Passenger traffic at Europe’s airports grew by an average of 6.7% in the first half of 2018, according to European airport trade body ACI Europe in its latest air traffic report. But Sweden is far behind.
Traffic in the non-EU market rose by 10.5%, nearly twice the expansion rate of the EU market of 5.4%.
But both markets saw growth recede slightly in Q2 over Q1, from 12.5% to 9.4% at non-EU airports and from 6.2% to 4.9% at EU airports.
In the EU, airports in the Baltic countries, Bulgaria, Croatia, the Czech Republic, Greece, Hungary, Luxembourg, Malta, Poland, Slovakia and Slovenia achieved double digit growth.
But airports in Sweden posted the lowest growth in Europe, at 1.5%, due to a combination of the new national aviation tax introduced last April, the bankruptcy of regional airline NextJet and lower outbound demand as the local currency hits its lowest value in years.
Sweden was the only European market losing passenger traffic in June (-0.4%), while its tax is among the factors leading to the improved performance of airports in neighbouring Denmark (+5.7%).
In the non-EU market, passenger traffic grew in excess of 15% at airports in Turkey, Ukraine, Georgia and Israel and Iceland.
Europe’s top-five busiest airports recorded a passenger traffic increase of 6.3% in H1, an improvement over their 2017 performance (+4.3%).
Istanbul-Atatürk topped the league in terms of growth (+12.9%), followed by Frankfurt (+9.1%). Amsterdam-Schiphol also reported robust growth (+5.4%), followed by Paris-CDG (+3%) whose performance was impacted by repeated strikes at Air France, and capacity-constrained London-Heathrow (+2.6%).
Stronger growth focused mainly on secondary and smaller hubs as well as selected medium sized and larger regional airports – reflecting ever-evolving competitive dynamics largely driven by low-cost carriers and non-EU full-service carriers.

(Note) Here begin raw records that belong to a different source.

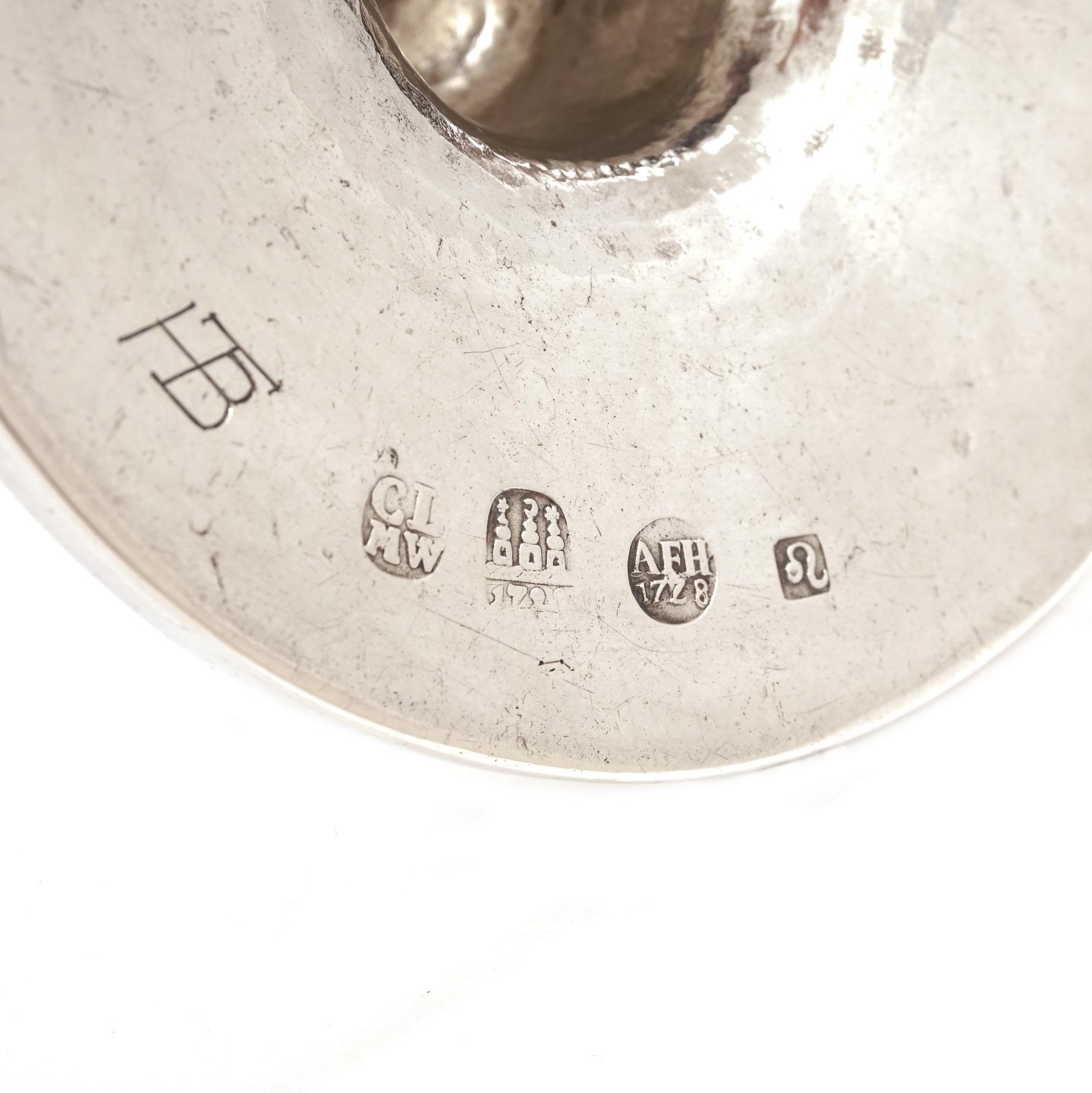 Pair of early Baroque silver candlesticks by Asmus Fridrich Holling, Copenhagen, 1727-73, dated 1728 H: 12cm. W: 458gr Item number: 1623
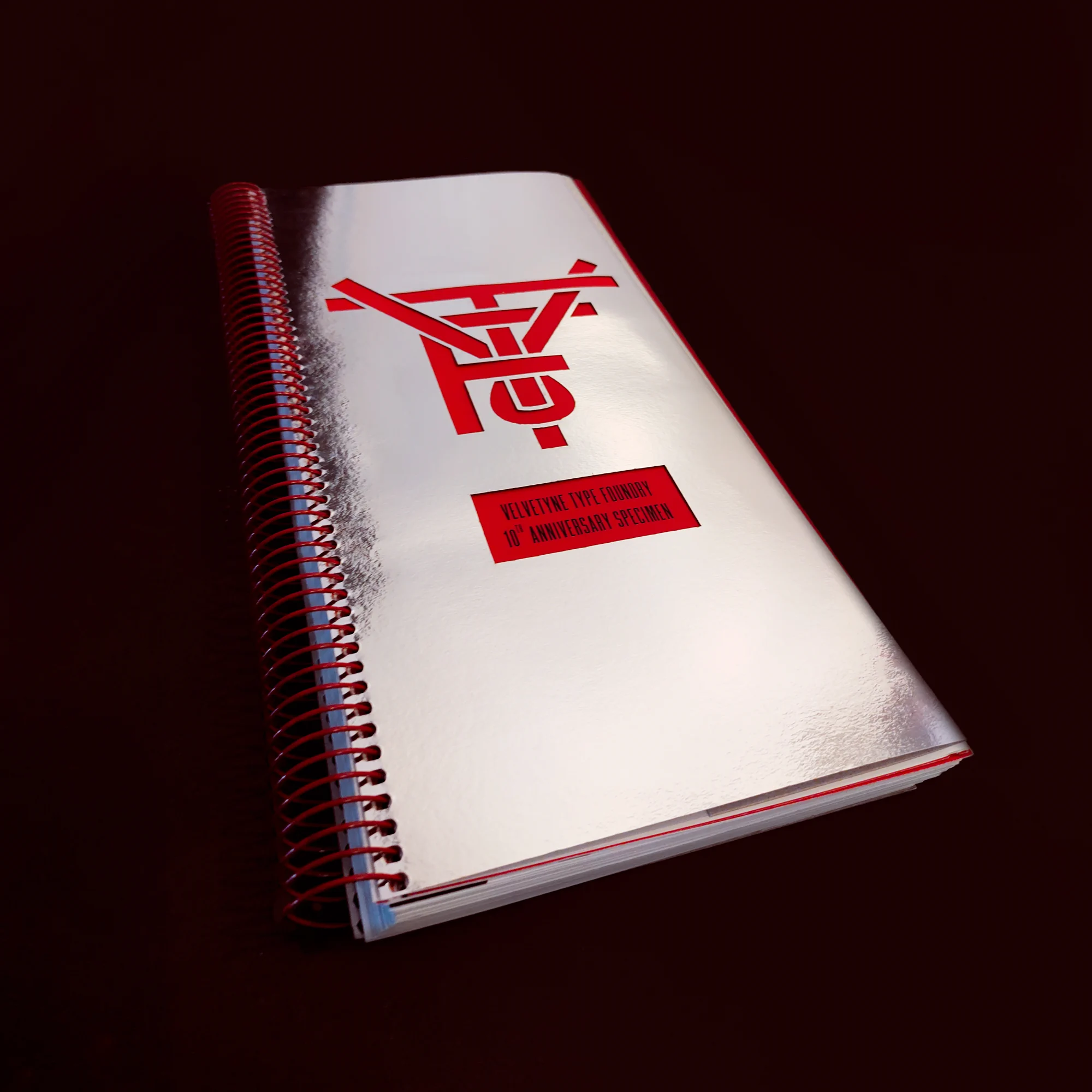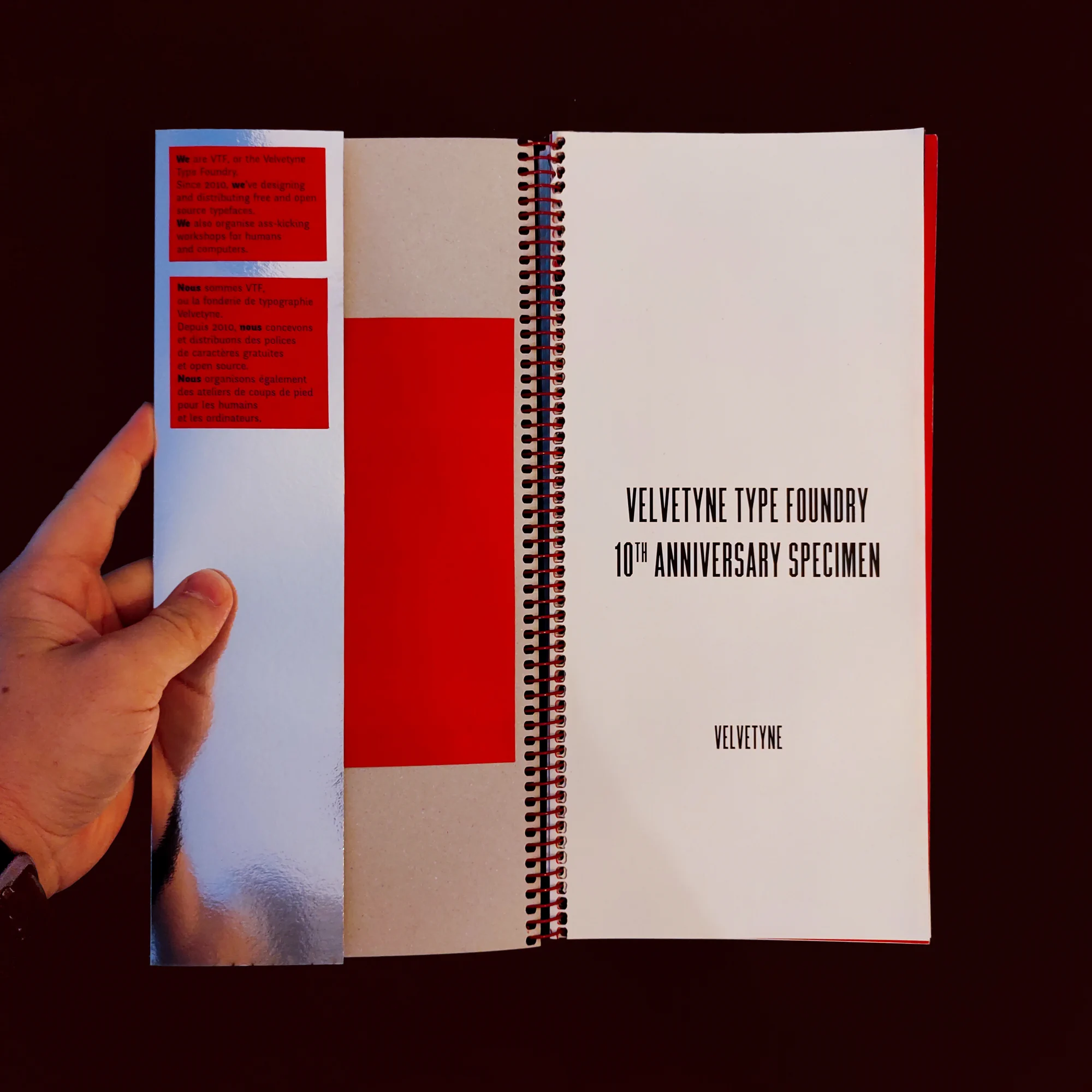 Pour célébrer et marquer les 10 ans de la fonderie open source Velvetyne, j'ai souhaité concevoir un ouvrage unique. J'adapte mon univers graphique pour valoriser le travail de la fonderie lors de l'édition d'un ouvrage.
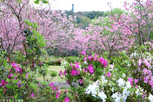 陽明公園雖然進入櫻花花季尾聲.但目前🌸櫻花跟🌺杜鵑花齊開很美唷!
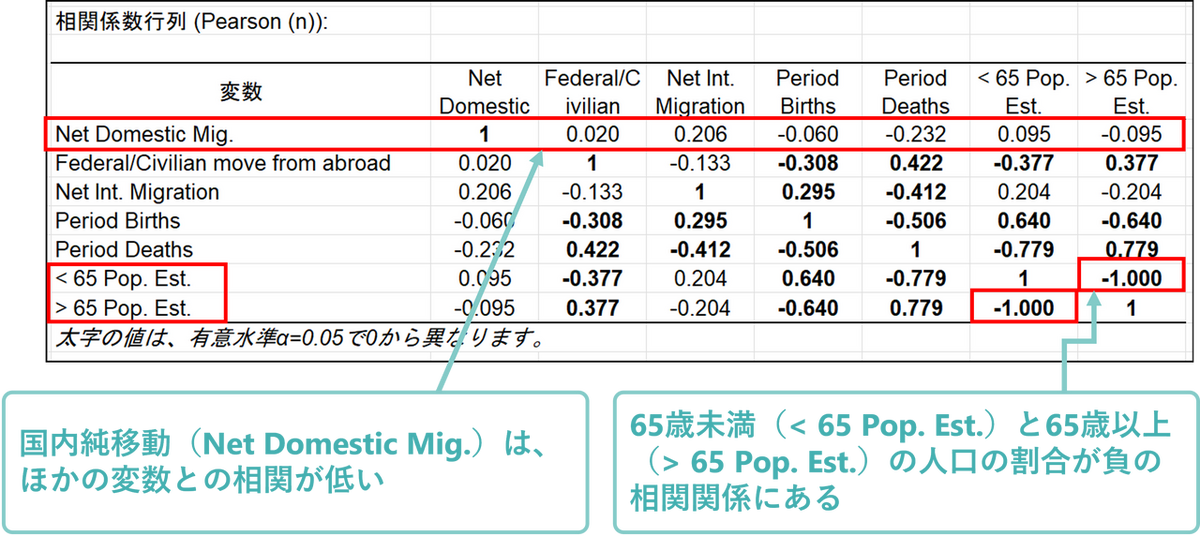 最初に見るべき結果は相関行列です。相関行列を確認すると、65歳未満(< 65 Pop. Est.)と65歳以上(> 65 Pop. Est.)の人口の割合が負の相関関係にあることがすぐにわかります(r = -1)。つまり、どちらかの変数を削除しても、分析結果に大きな影響はありません。また、国内純移動(Net Domestic Mig.)は、国際純移動(Net Int. Migration)を含む他の変数との相関が低くなっています。これは、米国人と非米国人では、移住の理由が異なる可能性を示唆しています。

These airports include Istanbul-SAW (+12.4%), Lisbon (+12.9%), Milan-Malpensa (+11.1%), Athens (+11.4%), Tel Aviv (+13.1%), Helsinki (+12%), Moscow-Vnukovo (+19.8%), Warsaw (+14.8%), Prague (+10.3%), Budapest (+14.8%), Naples (+24.7%), Keflavik (+15.6%), Valencia (+20.2%), Krakow (+17.8%), Malta (+16.3%), Seville (+26.9%), Palermo (+16.9%), Nantes (+14%) and Heraklion (+14.2%).